Hi ARC members,
A little rain and warm temperatures and the trees are bursting with flowers and buds. Many of you are getting ready for turkey season (big at our house) or the general fishing opener on May 1. DNR reports sturgeon spawning has started on the Fox and Wolf rivers, and could be in full swing as early as this weekend (April 10 and 11.) Spring has taken off.
The April Zoom meeting was a good one. Tim Eisele put a lot of work into a presentation that highlighted some DNR history and life as an outdoor reporter in Wisconsin. If you missed it, don’t despair. Rick has arranged to make it available on our website at wisarc.org on the 'What's New' page. You will find a lot of photos as well as Tim’s perspective as an outdoor writer on what’s good and what’s problematic in DNR policy right now.
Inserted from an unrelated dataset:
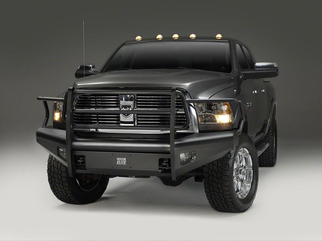 Heavy-Duty Utility. Be prepared for anything the terrain has to throw at you and guard yourself and your RAM 2500 with this Fab Fours Black Steel Elite Front Bumper with Full Guard; Matte Black made from hard steel, it offers superior durability with aggressive styling as well as a usefulness on the job with support for medium-duty winches, perfect for helping out in recovery tasks.

At that April Zoom meeting, members also discussed dealing with the tattered condition of our ARC budget. More on that will be emailed.
And we happily agreed it was time to start planning the annual ARC picnic. YEAH, like in person! Dom Mangardi has reserved the park shelter in Middleton on JULY 14. Mark that date on your calendars. Zoom call attendees thought inoculations will be pretty much complete for our group by then, and the gathering is held outside. Sheree Vande Brink is checking with the caterer. And we will make signing up available on the website in a month or so. Now that ARC is more tied in with local DNR retiree groups in Green Bay, Rhinelander, Spooner and Eau Claire, our hope is some of your regional colleagues will make the trip to the picnic to see old friends! [By the way, if you are trying to connect with a retired regional colleague, you might try emailing the primary retiree contact for that area. Check out our website “About Us” tab at wisarc.org
There have been members contacting me asking when luncheon meetings will resume. It will be some time after the picnic. If you have strong feelings, please email me
Of course, resuming luncheons will also depend on Linda Netzer’s success in lining up venues and on Dane County guidance for indoor gatherings. The good news is we are starting to see the light at the end of the tunnel.
In the meantime, we have another great presentation coming up at the May Zoom meeting. ARC member Dennis Schenborn has been researching explorers’ perilous attempts to reach the South Pole, and has written an engrossing book on the subject. He will present the story at the Zoom meeting:
“On February 10, 1913, Roald Amundsen was lecturing to a crowd of 3,000 in the Red Gym on the campus of the UW-Madison. His topic was how he reached the South Pole. He began his lecture with these words:
“’It is with deepest regret that I begin my lecture tonight. From the meager details that have come to us in this afternoon’s paper it appears certain that the brave Captain Scott and his polar party have perished.’
“Although Amundsen reached the Pole more than a month before Scott, he was cast as a villain by the British press. The legend of Scott’s heroic struggle was written even before the men who lived it with him could step ashore to tell their own tales of hardship and triumph in the cold of Antarctica. The carefully controlled newspaper accounts of Scott’s story created a legend with one tragic hero.”
I surely hope you will join us. You don’t want to miss this one. Until then, take care. I urge you to keep wearing a mask – even if you’re fully inoculated – to protect all of our grandkids and younger folks, and to keep from freaking out other shoppers at the grocery store.
P.S. My plan was to make this a short message. Writers. What are you going to do?